Saturday, January 19, 2019

George Will 'n' me

Sometimes I just wonder about Washington Post columnist George Will. An avowed conservative, Will was often my go-to guy when I sought out my own liberal foolishness through the eyes of someone who seemed to be intelligent. And Will appeared to have potential.

But with my own intellectual capacities dwindling, I can no longer rely on Will as once I did. He's too murky without much purpose ... or so it feels. He's too smart to no especial end. His biggest reminder these days, when I try out one of Will's columns, seems to be an underscoring of the old news adage, "Stand up. Speak up. And shut up." Will's columns just seem to linger and get longer; get longer and linger; and all the time the English in use seems viscous and dolefully 'wise' and therefore increasingly idiotic.

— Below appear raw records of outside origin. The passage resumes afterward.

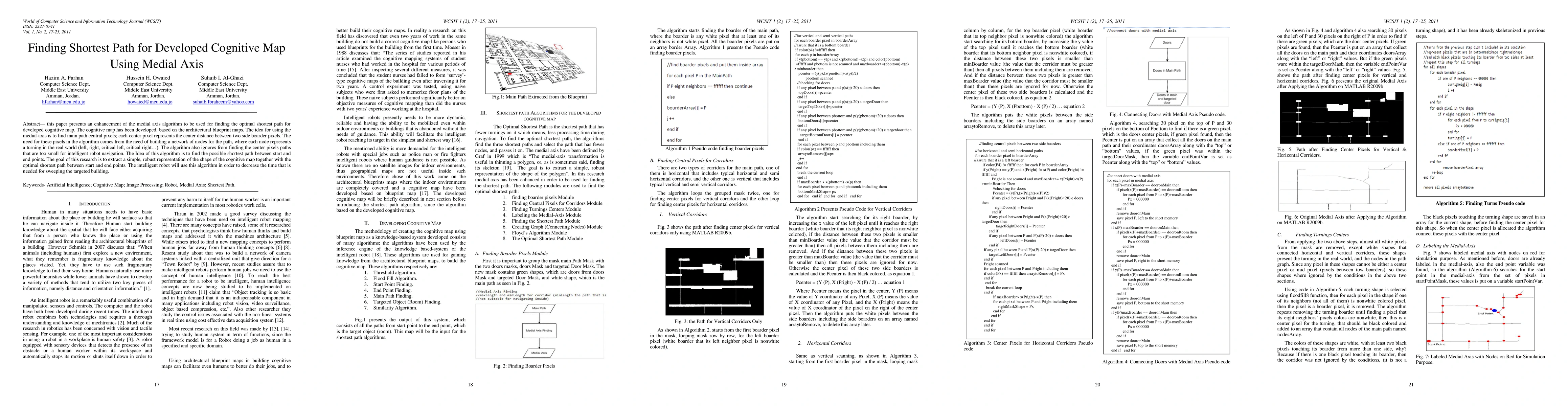 This paper enhances the medial axis algorithm to determine the optimal shortest path in a developed cognitive map based on architectural blueprints. The algorithm identifies central path pixels, ignoring small paths for intelligent robot navigation, to create a network of nodes representing real-world turns, aiming to decrease the time needed for building sweeps.
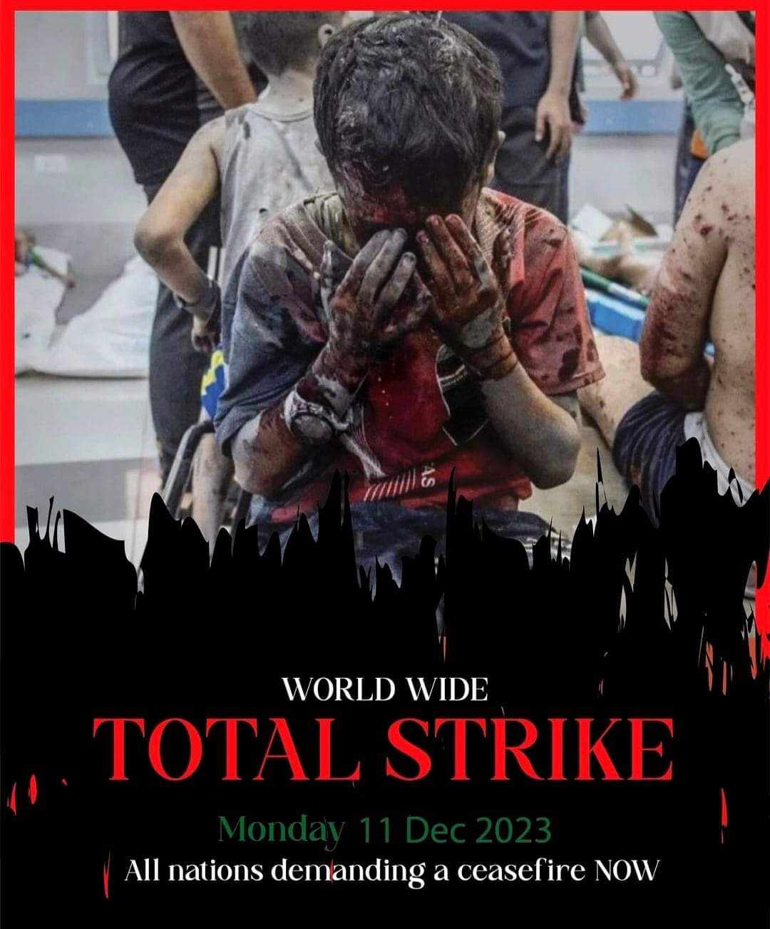 دعت منظمات حقوقية فلسطينية وعربية وعالمية ونشطاء ومؤثرون إلى إضراب عالمي شامل، غدا الاثنين المقبل 11 ديسمبر 2023 لوقف الحرب علي غزة .وقالت تلك المنظمات في بيان يوم امس السبت 9 ديسمبر : “لا بد من شل حركة الحياة والعجلة الاقتصادية في الدول كلها، حتى يشعر الجميع أنه متأثر على نحو مباشر إثر العدوان على غزة، ومن ثم يُضْغَط لوقف الحرب”.
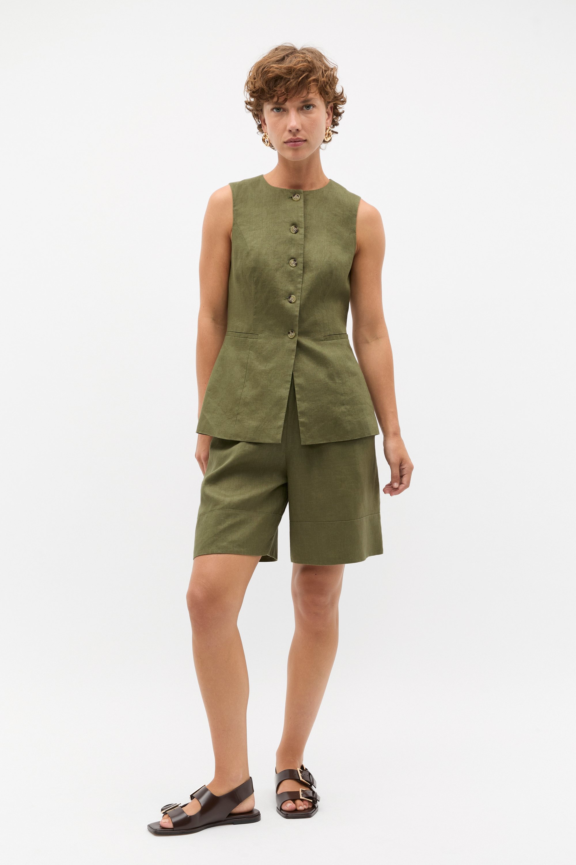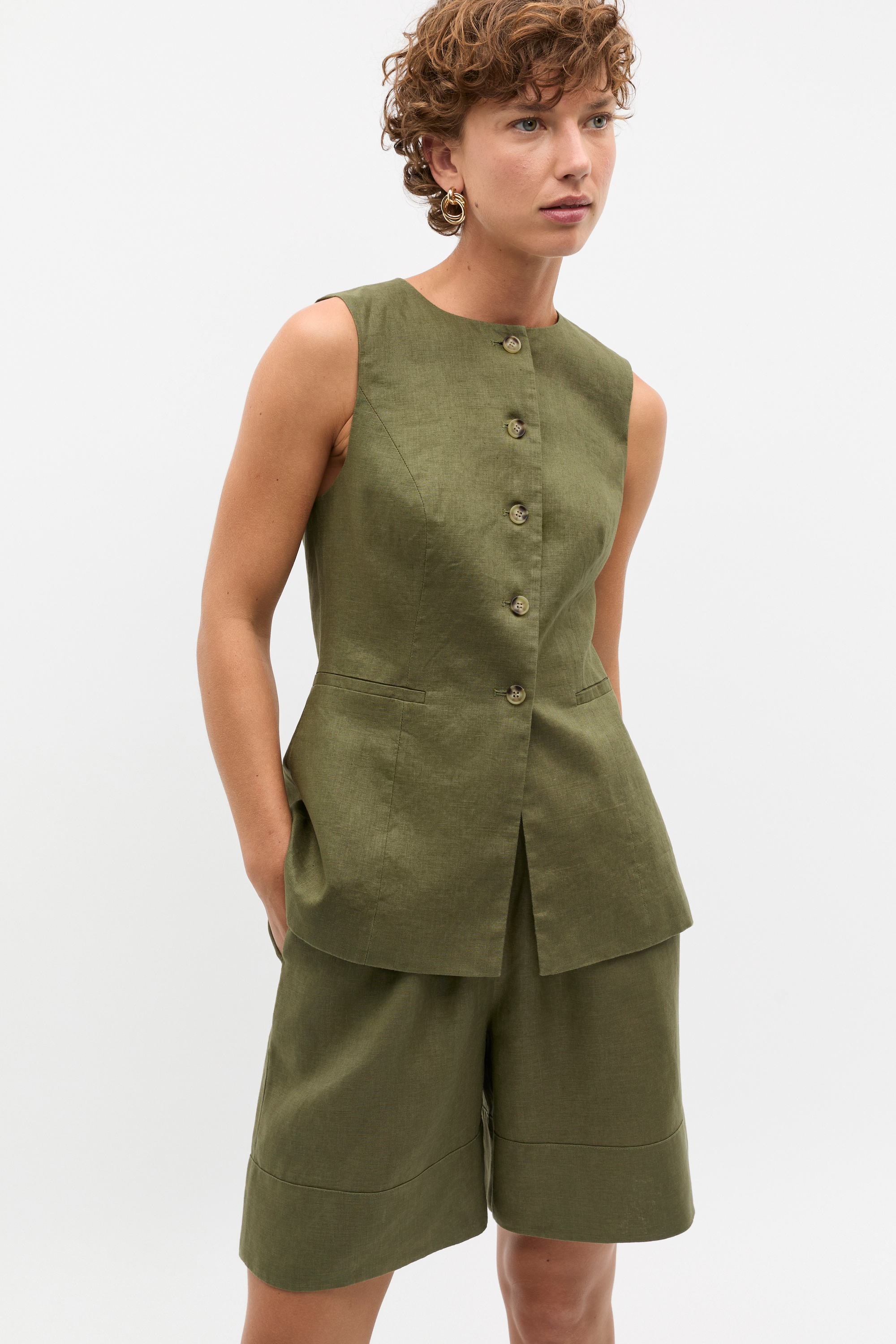 Linen Waisted Button Down Vest  Rainforest  hi-res Linen Waisted Button Down Vest  Rainforest  hi-res Linen Waisted Button Down Vest  Rainforest  hi-res
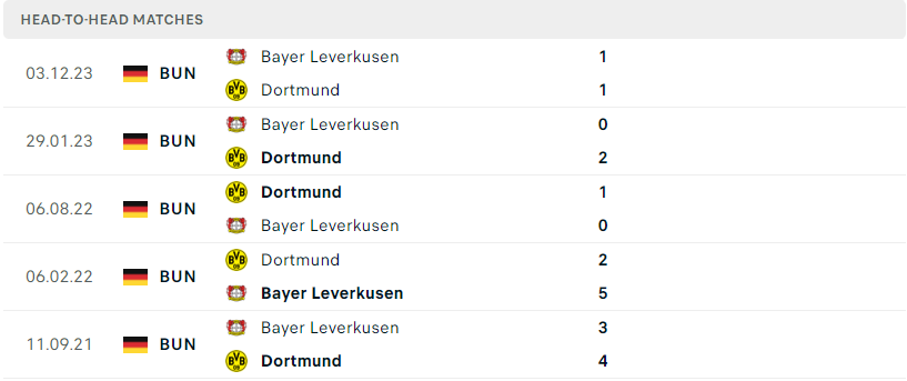 Thành tích đối đầu của Dortmund vs Bayer Leverkusen
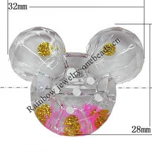 Inner Painted Acrylic Beads, Animal Head 32x28mm Hole:2.5mm, Sold by Bag
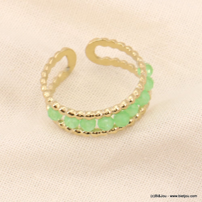 Graphique et lumineuse, cette bague ouverte en acier inoxydable doré séduit par sa structure double anneaux soulignée de billes en pierre naturelle. Délicate et tendance, elle s’ajuste facilement au doigt par simple pression, s’adaptant ainsi à toutes les morphologies avec élégance.
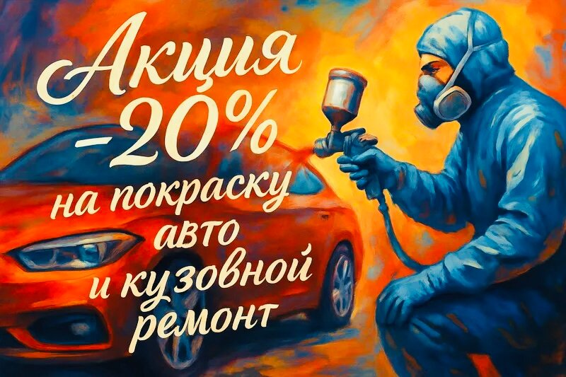 Покраска авто и кузовной ремонт со скидкой -20%. Акция действительная с 15 декабря по 15 января 2026г. Успей записаться в ремонт по выгодной...
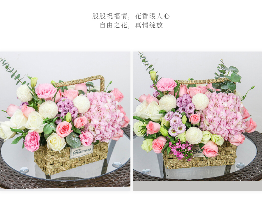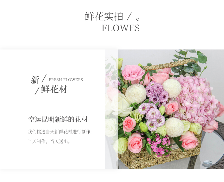 由于鮮花包扎的花藝師不同,可能在花束的形式和搭配上與圖片略有小的區(qū)別,但我們保證鮮花的主花材品種、新鮮程度、數(shù)量、顏色與說明一致,感謝您的理解。
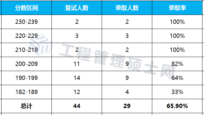 一志愿进入复试共计44人,进入复试最高分235分,最低分182分;拟录取29人,拟录取最高分235分,最低分182分,录取率为65.9%。

On the other hand, I'm pretty viscous and idiotic myself. So maybe it's me perching on some some humorless, throne-omial sit-spot. Will's Washington Post presence makes me think someone at the Post thinks he's  worth the space or golden parachute or whatever it is that compel the expulsions of his sage-sager-sagest saggacities.

But it feels increasingly like a crock of the old CBS commentator Eric Severeid ... in love with his own linguistic grandeur and perfection. Couldn't someone just give Will a job in baseball, which he is said to love? Fuck politics and 'an understanding' of it all. We get it: Trump is an asshole. Evidence can be adduced, in murky phraseology or something less freighting.

Maybe Will, like the Post itself, wants to be on board when the train pulls out of Trump's presidential station. He too wants to flong his dong and unfurl his banner: "Toldja so! .... and ever so decorously and with respect for the U.S. of A."

1 comment:

  1. I always found George Will too pompous.

    On Lawrence O’Donnell’s show he’s seemed to have softened. However, I’ve wonder if his being dropped by FoxNews caused some loss of self confidence and now he’s expressing less substance, more style.

    To his credit Will has not been shy about his distaste for Trump. Nevertheless, his new employers may not be fully on board with Will’s preferred brand of Conservative Libertarianism.